Alternate headline: 88% of voters are much smarter than Washington believes.  A new YouGov survey gives Chuck Schumer, Joe Manchin, and now Kyrsten Sinema a vote of no confidence on their new spend-o-rama, especially as a panacea for inflation. Only 12% think the “Inflation Reduction Act” will reduce inflation, while three times as many think it will make inflation worse.

In fact, only one in five Democrats think the title of Schumer’s reconciliation bill is honest:

This “inflation reduction” pitch has utterly flopped in every demographic. That’s a bad sign in a poll where 56% of respondents say that inflation has had “a lot” of impact on their own lives, and where the only demos that say others are pluralities among Biden voters from 2020 (45/49), Democrats (45/49), and … that’s it. Every other demo has pluralities or majorities feeling a lot of impact from inflation.

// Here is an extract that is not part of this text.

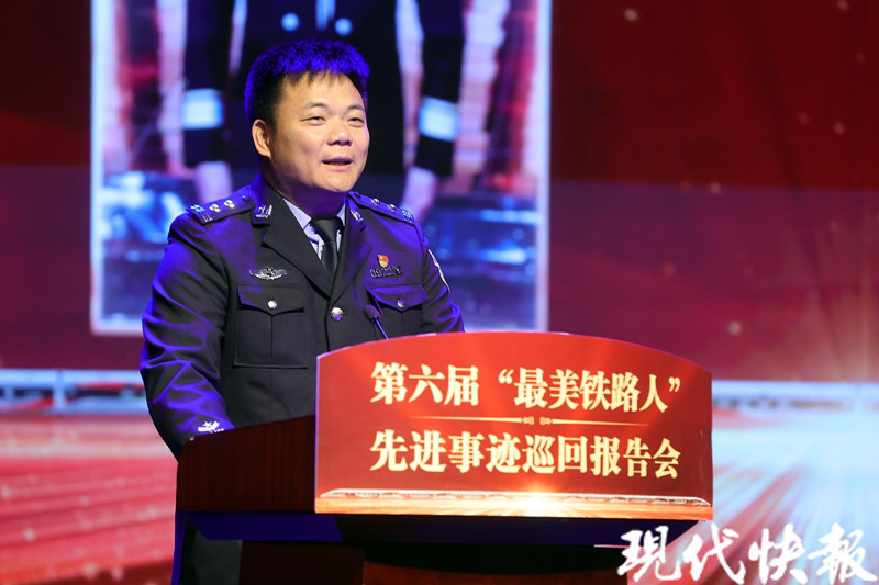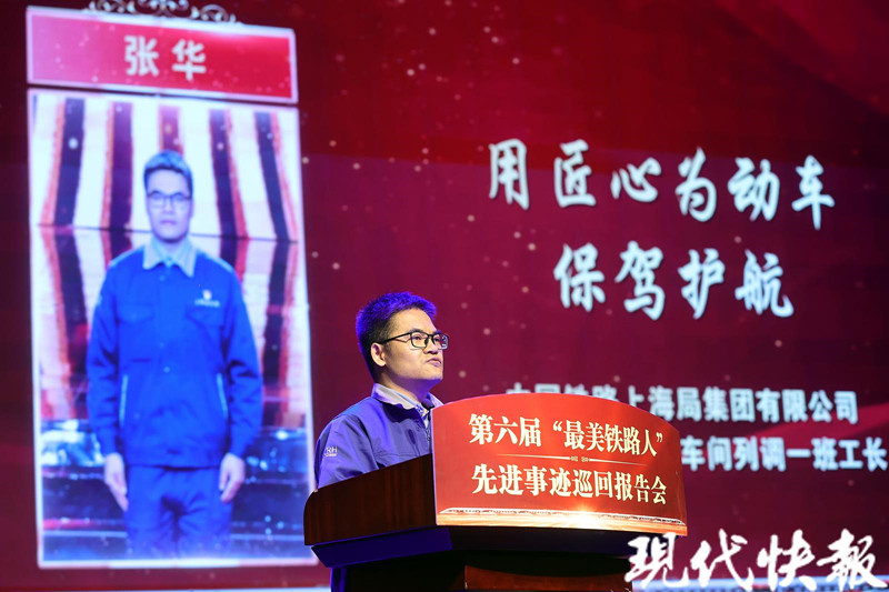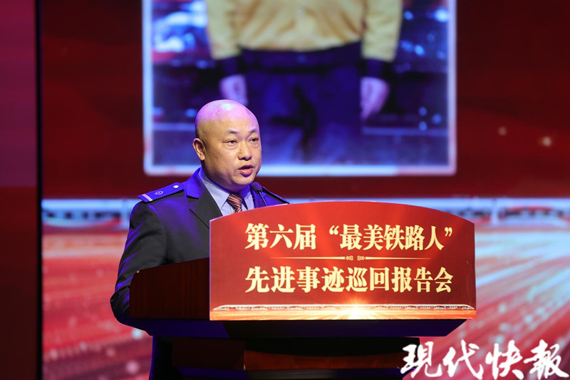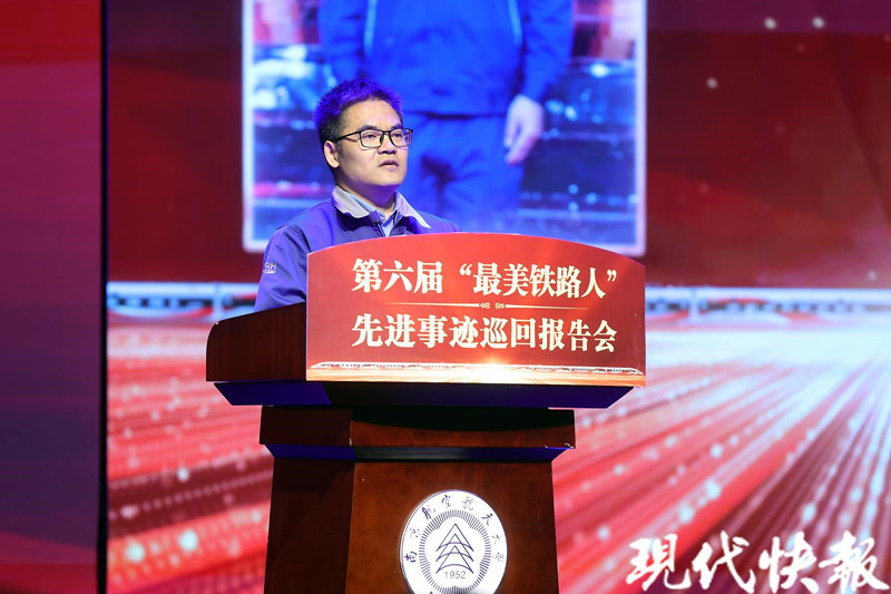 “中国高铁从无到有,动车检修也是从零起步……我们破除了关键设备自主检修壁垒,把技术牢牢掌握在自己手里!”在南京航空航天大学将军路校区艺术中心剧场内,中国铁路上海局集团有限公司上海动车段调试车间列调一班工长张华的报告铿锵有力,赢得阵阵掌声。3月21日下午,由中央宣传部宣传教育局、中国国家铁路集团有限公司党组宣传部共同主办的第六届“最美铁路人”先进事迹巡回报告会,走进南京航空航天大学。5名“最美铁路人”深情讲述新时代铁路人奋斗追梦的感人故事,为该校师生带来一堂生动的“大思政课”。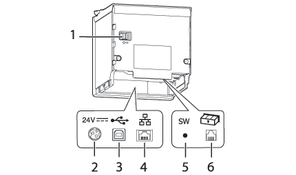キャッシュドロアーのモジュラーケーブルを接続します。 |

And the only legislation that Democrats are offering now is widely perceived at either not addressing it at all or making it worse. That’s a bad position for Democrats to be in right before the midterms, especially if it passes and inflation keeps going up. As will almost certainly be the case, because the cynicism exhibited here is clearly justified. As the Wall Street Journal reported earlier this week, a Penn Wharton Budget Model analysis showed the impact of the bill as slightly increasing inflation over the next year, and then negligible over the bill’s ten-year arc:

The Penn Wharton Budget Model, which Sen. Manchin has been known to watch, examined the details of Schumer-Manchin and found that it doesn’t contain any net deficit reduction until 2027.

“The impact on inflation is statistically indistinguishable from zero” through 2031, say the Penn Wharton modelers. We don’t agree with those who think deficit reduction leads in a straight line to lower inflation, but that’s what the Democrats claim for their bill. If the first deficit reduction doesn’t come for five years, what’s the help on inflation today?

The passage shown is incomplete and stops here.